ACTIVITY:
Word for word, transcribe the data below from the line with "Warren Hamilton and" to the line with "En resumen, es", keeping both of those lines.

PROVIDED RECORDS:
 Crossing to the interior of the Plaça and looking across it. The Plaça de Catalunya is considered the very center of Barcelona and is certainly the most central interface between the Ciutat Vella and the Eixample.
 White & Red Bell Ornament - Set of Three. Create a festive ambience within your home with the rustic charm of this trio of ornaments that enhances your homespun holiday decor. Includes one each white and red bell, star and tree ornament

--

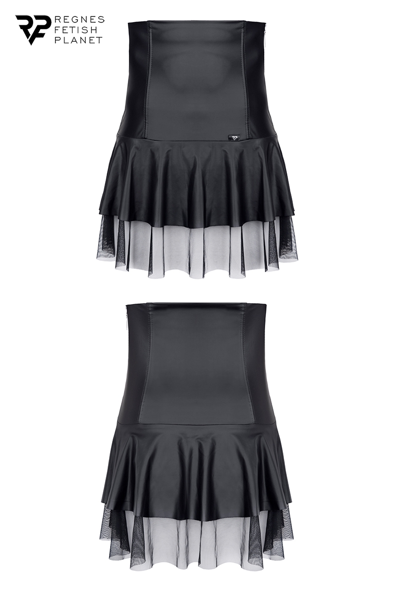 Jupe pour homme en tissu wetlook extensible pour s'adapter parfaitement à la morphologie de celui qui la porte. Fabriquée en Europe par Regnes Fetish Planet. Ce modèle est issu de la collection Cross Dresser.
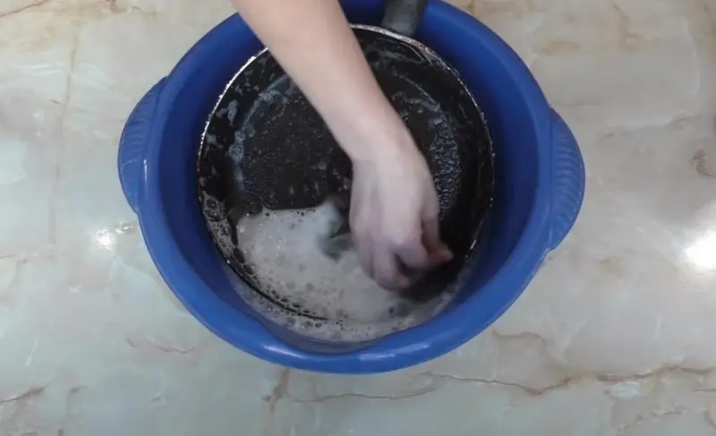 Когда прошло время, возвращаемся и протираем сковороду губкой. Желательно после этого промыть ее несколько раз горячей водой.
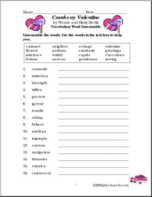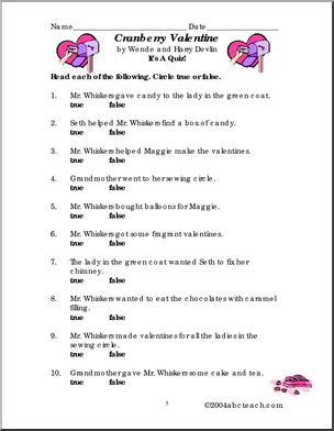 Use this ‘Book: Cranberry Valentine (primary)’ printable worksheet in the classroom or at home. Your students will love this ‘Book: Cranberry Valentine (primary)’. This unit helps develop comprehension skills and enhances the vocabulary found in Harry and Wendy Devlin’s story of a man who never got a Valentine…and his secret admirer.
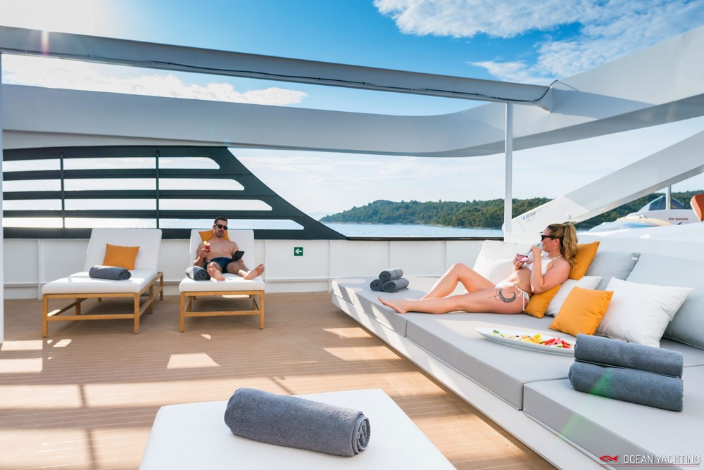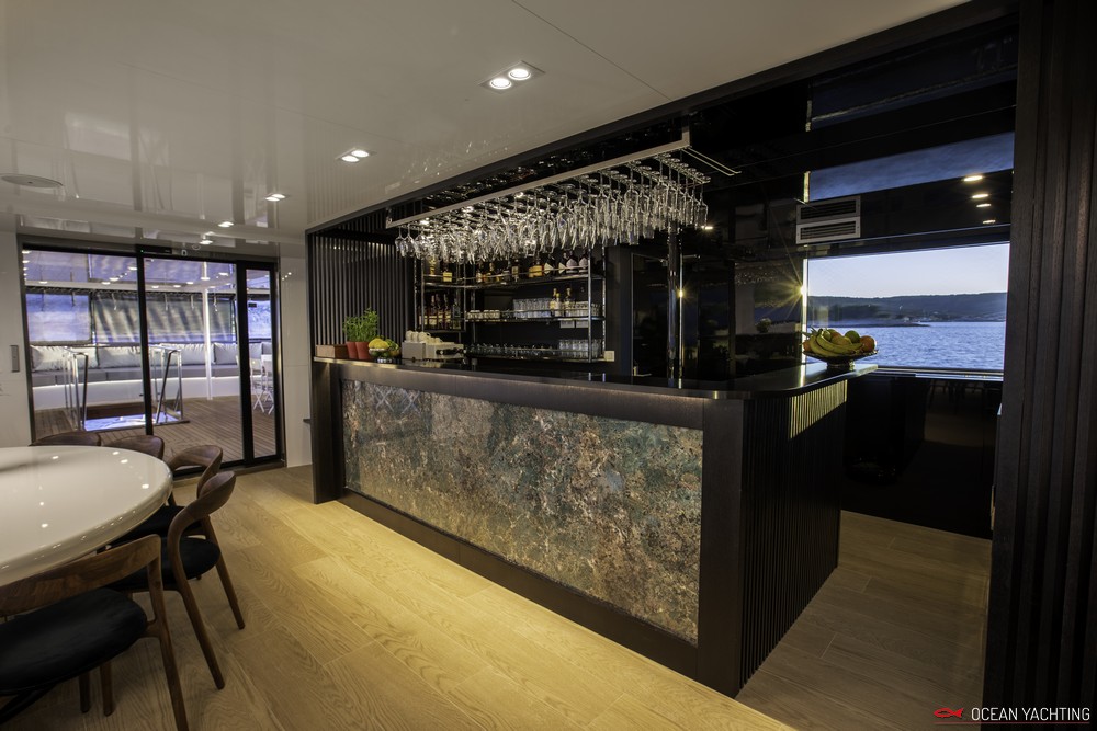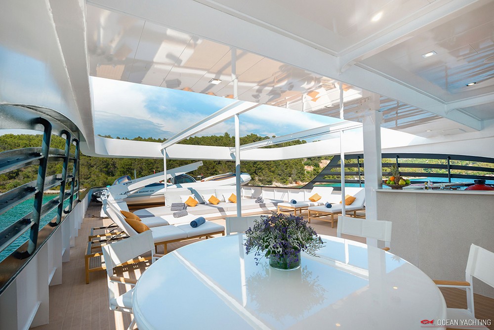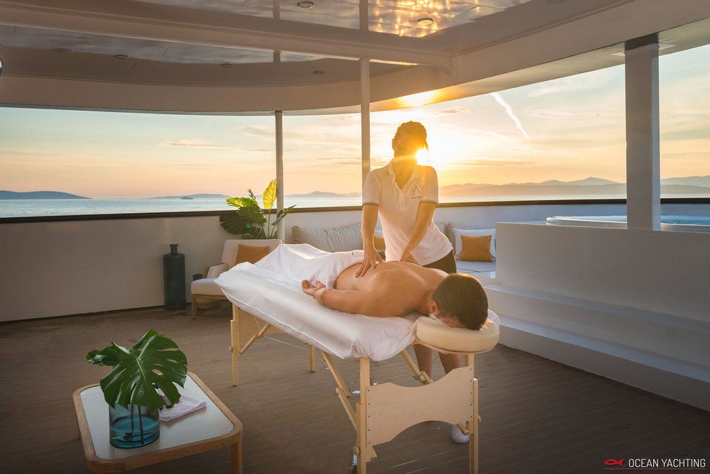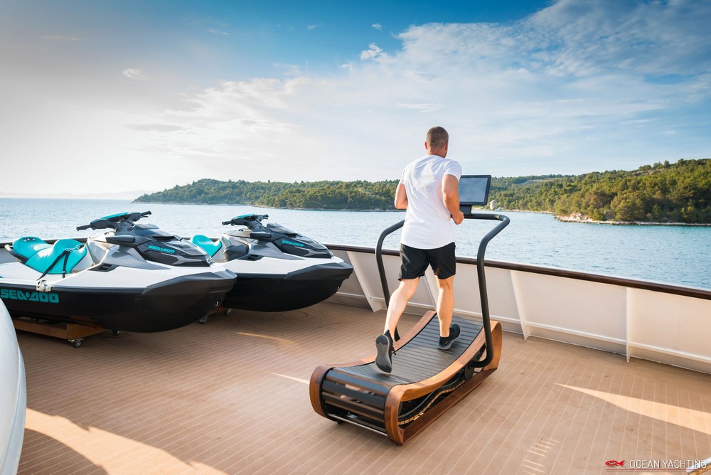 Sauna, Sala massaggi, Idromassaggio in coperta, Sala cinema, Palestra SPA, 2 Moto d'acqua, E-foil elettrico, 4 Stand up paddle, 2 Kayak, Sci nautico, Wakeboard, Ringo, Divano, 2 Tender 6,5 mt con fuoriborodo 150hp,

* * *

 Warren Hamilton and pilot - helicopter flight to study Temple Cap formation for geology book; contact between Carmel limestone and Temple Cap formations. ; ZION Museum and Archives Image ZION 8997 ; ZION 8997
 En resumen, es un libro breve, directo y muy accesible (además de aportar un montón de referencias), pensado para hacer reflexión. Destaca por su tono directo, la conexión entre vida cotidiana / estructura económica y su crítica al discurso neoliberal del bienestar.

SOLVED PROBLEM:
 Warren Hamilton and pilot - helicopter flight to study Temple Cap formation for geology book; contact between Carmel limestone and Temple Cap formations. ; ZION Museum and Archives Image ZION 8997 ; ZION 8997
 En resumen, es un libro breve, directo y muy accesible (además de aportar un montón de referencias), pensado para hacer reflexión. Destaca por su tono directo, la conexión entre vida cotidiana / estructura económica y su crítica al discurso neoliberal del bienestar.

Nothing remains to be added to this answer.